(Dataset entries)
+ + + +

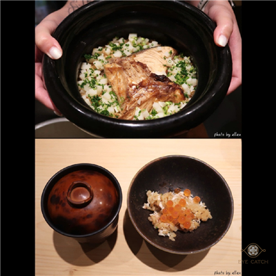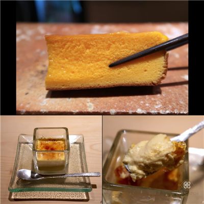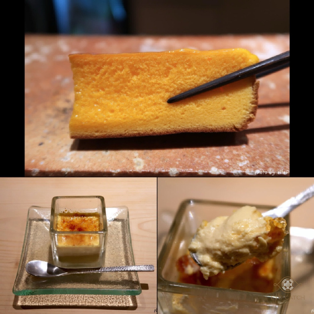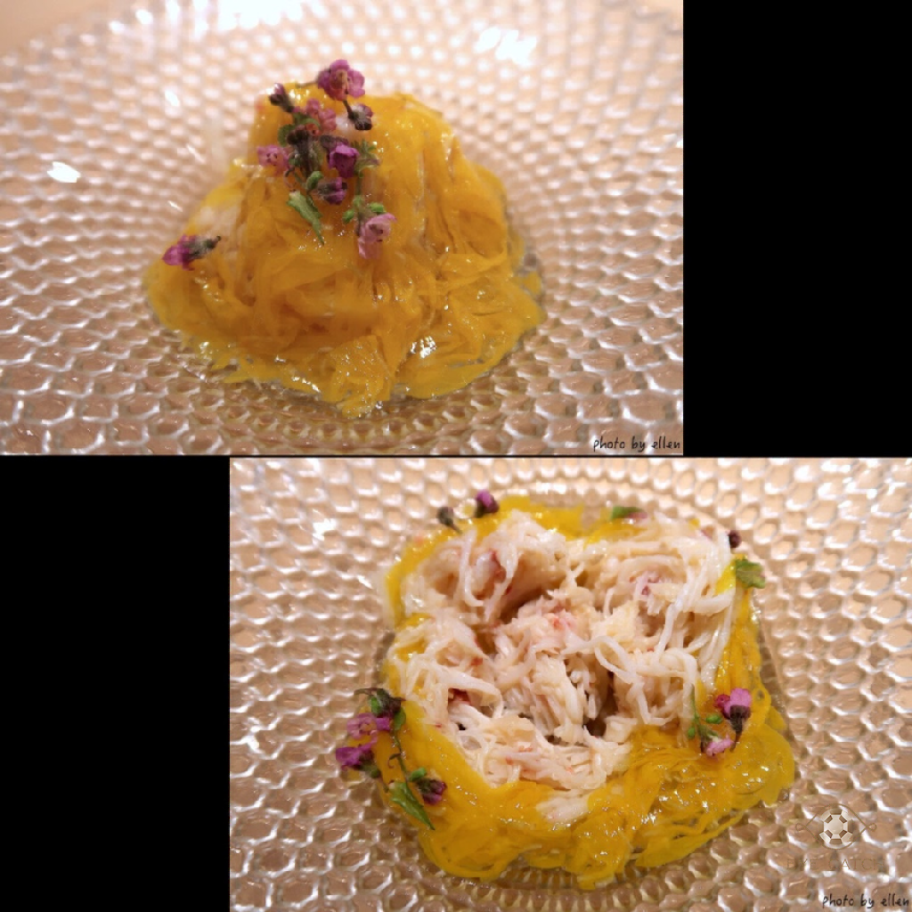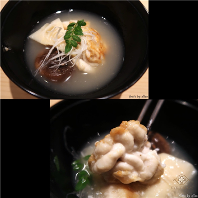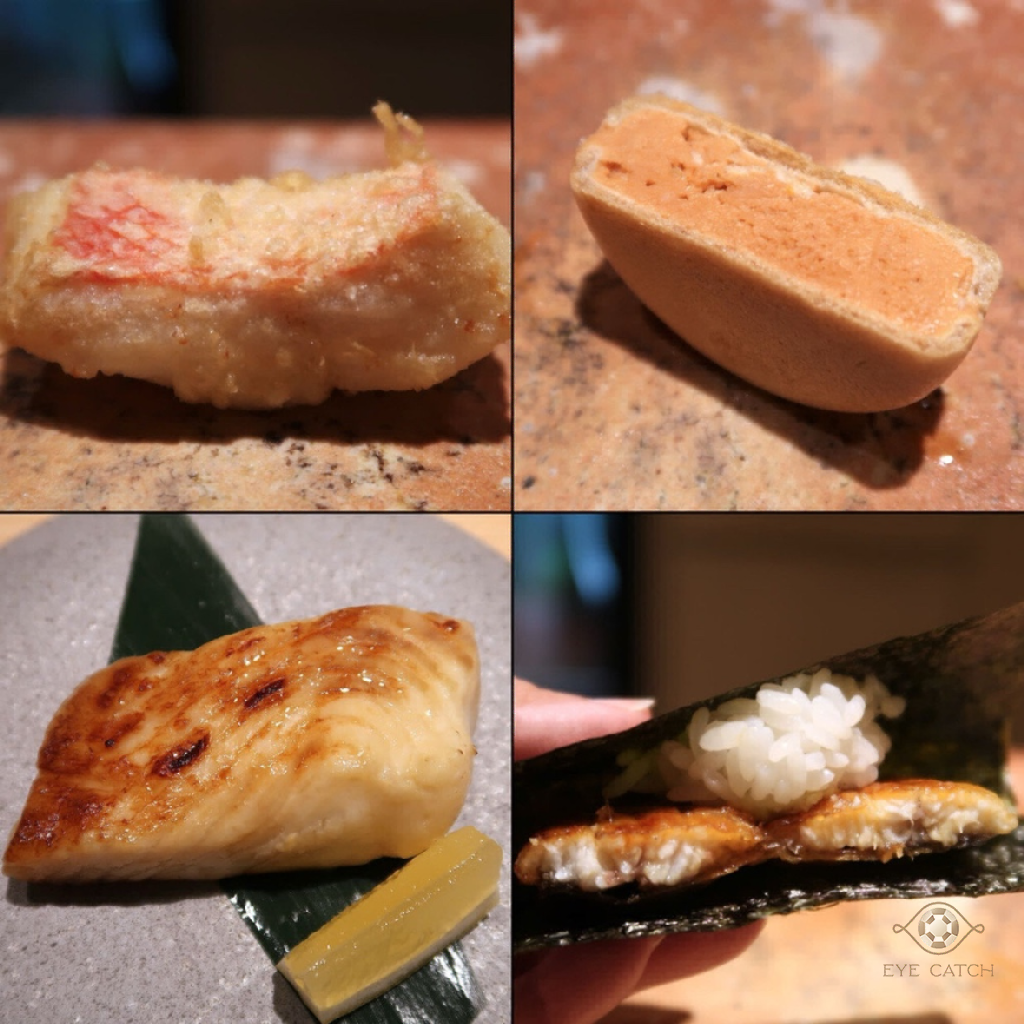 本日餐點: 北海道毛蟹菊花醋凍紫蘇花, 旺旺仙貝, 北海道鱈魚白子, 九州真鯛, 長崎黑鮪魚大腹, 金目鯛天婦羅, 台灣野生午仔魚, 北海道鮟鱇魚肝最中, 鰈魚西京燒, 黑鮪魚赤身, 鹿兒島白鰻, 赤海膽, 日本富山冰劍獅魚下巴釜飯&味噌湯, 玉子燒, 胡麻烤布蕾
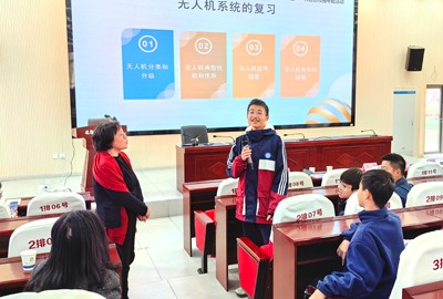 江红雨老师长期从事飞机成品设计、航空技术和系统工程管理等工作,她希望把有关无人机的知识向青少年进行宣传和普及,激发学生们从小爱科学、懂科学,用科学。她讲授的内容包括无人机的分级与分类标准、典型性能与优势、无应用场景、未来发展趋势和安全法规等。从1903年莱特兄弟第一架有动力、可持续的飞机成功试飞,到今天的无人机广泛应用于航拍技术、农药喷洒、军事侦察等领域,以及太阳能无人机成功试飞,同学们听得津津有味。江老师说,科技发展日新月异,未来,无人机还将应用于城市物流、交通等领域,比如无人机送外卖,无人机载人等。江老师现场与学生互动,开展提问、现场无人机飞行操作展示等,为课堂增加了趣味性和生动性。看到自己的同学操作微型无人机起飞了,如小蜜蜂一般发出嗡嗡之声,学生们一个个跃跃欲试,兴奋极了。科普的课堂生动而有趣,学生们在这轻松愉快的活动中受到科学熏陶。
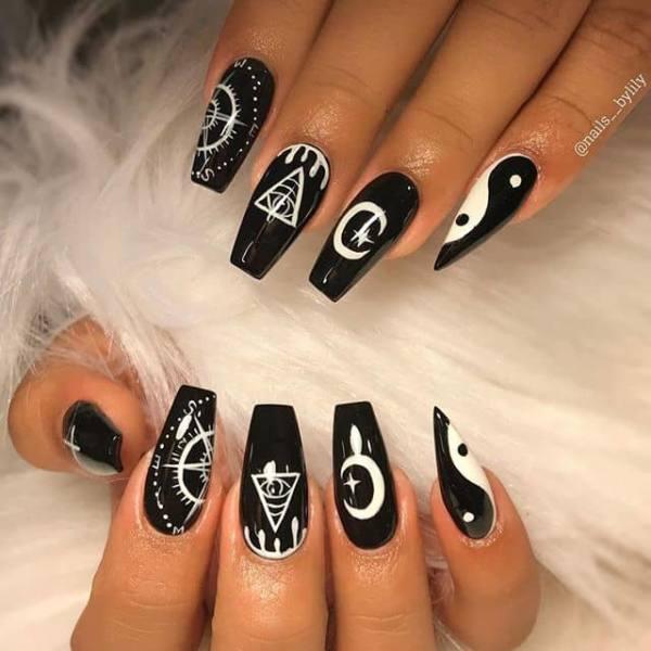 Estas uñas son el estándar de oro cuando se trata de arte y diseño de uñas. Cada uña se hace de manera diferente, pero cada uña es muy detallada, intrincada y compleja. Estas uñas tienen de todo, desde brújulas, yin-yang hasta el ojo que todo lo ve y más. Estas uñas no son simplemente uñas; son obras de arte.
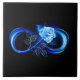 Luminous infinity symbol with glowing, beautiful, lushly blooming rose made of blue flames on black background.
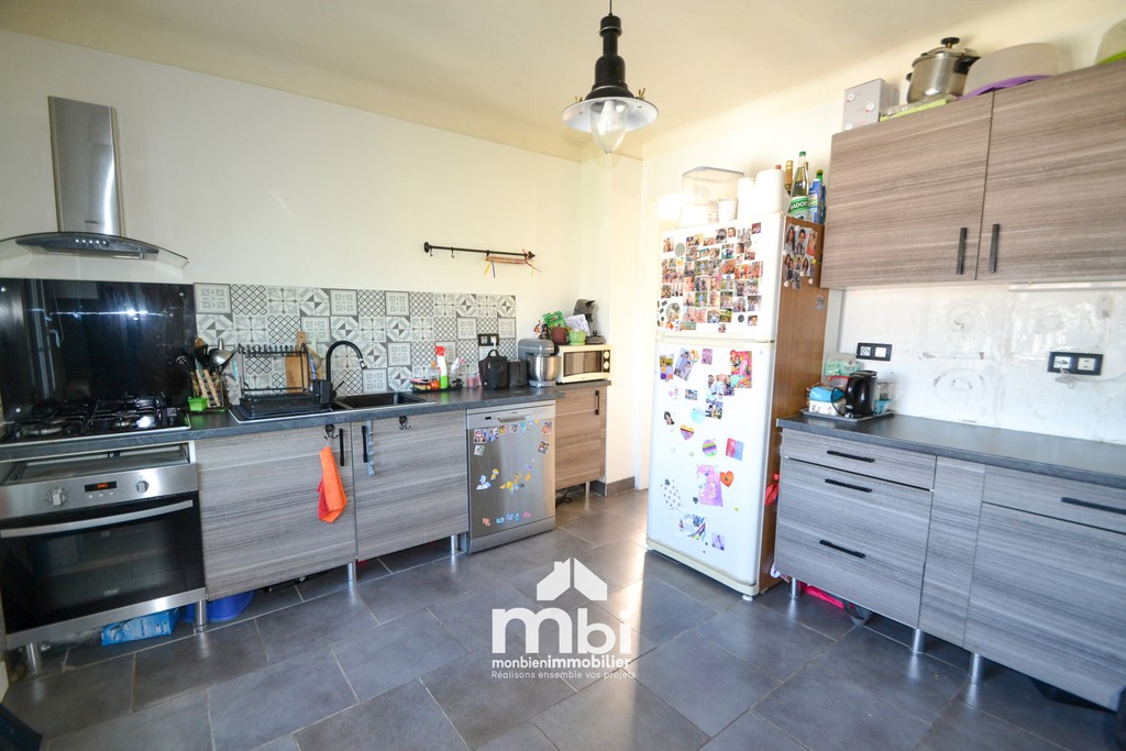 Maison Individuelle édifiée sur cave totale. La maison équipée de panneaux solaires comprend 6 pièces principales avec un sas d'entrée, une entrée, une cuisine indépendante aménagée, un séjour et un wc. A l'étage deux chambres, une salle de bains avec douche et un wc. Au 2 ème étage, 3 chambres. Garage indépendant. Le terrain est de 380 m2. Le double vitrage est en pvc avec volets électriques et le chauffage est au gaz de ville. Tableau électrique récent. Les Honoraires sont à la charge du vendeur. https://www.monbienimmobilier.fr/baremes/ Les informations sur les risques auxquels ce bien est exposé sont disponibles sur le site Géorisques. http://www.georisques.gouv.fr

+ + + +

- **AIM OF THE TASK**
Beginning with the first entry above, reproduce every line verbatim until the line with "Luminous infinity symbol", which is included too; omit pictures.

- **SOLUTION**
 本日餐點: 北海道毛蟹菊花醋凍紫蘇花, 旺旺仙貝, 北海道鱈魚白子, 九州真鯛, 長崎黑鮪魚大腹, 金目鯛天婦羅, 台灣野生午仔魚, 北海道鮟鱇魚肝最中, 鰈魚西京燒, 黑鮪魚赤身, 鹿兒島白鰻, 赤海膽, 日本富山冰劍獅魚下巴釜飯&味噌湯, 玉子燒, 胡麻烤布蕾
 江红雨老师长期从事飞机成品设计、航空技术和系统工程管理等工作,她希望把有关无人机的知识向青少年进行宣传和普及,激发学生们从小爱科学、懂科学,用科学。她讲授的内容包括无人机的分级与分类标准、典型性能与优势、无应用场景、未来发展趋势和安全法规等。从1903年莱特兄弟第一架有动力、可持续的飞机成功试飞,到今天的无人机广泛应用于航拍技术、农药喷洒、军事侦察等领域,以及太阳能无人机成功试飞,同学们听得津津有味。江老师说,科技发展日新月异,未来,无人机还将应用于城市物流、交通等领域,比如无人机送外卖,无人机载人等。江老师现场与学生互动,开展提问、现场无人机飞行操作展示等,为课堂增加了趣味性和生动性。看到自己的同学操作微型无人机起飞了,如小蜜蜂一般发出嗡嗡之声,学生们一个个跃跃欲试,兴奋极了。科普的课堂生动而有趣,学生们在这轻松愉快的活动中受到科学熏陶。
 Estas uñas son el estándar de oro cuando se trata de arte y diseño de uñas. Cada uña se hace de manera diferente, pero cada uña es muy detallada, intrincada y compleja. Estas uñas tienen de todo, desde brújulas, yin-yang hasta el ojo que todo lo ve y más. Estas uñas no son simplemente uñas; son obras de arte.
 Luminous infinity symbol with glowing, beautiful, lushly blooming rose made of blue flames on black background.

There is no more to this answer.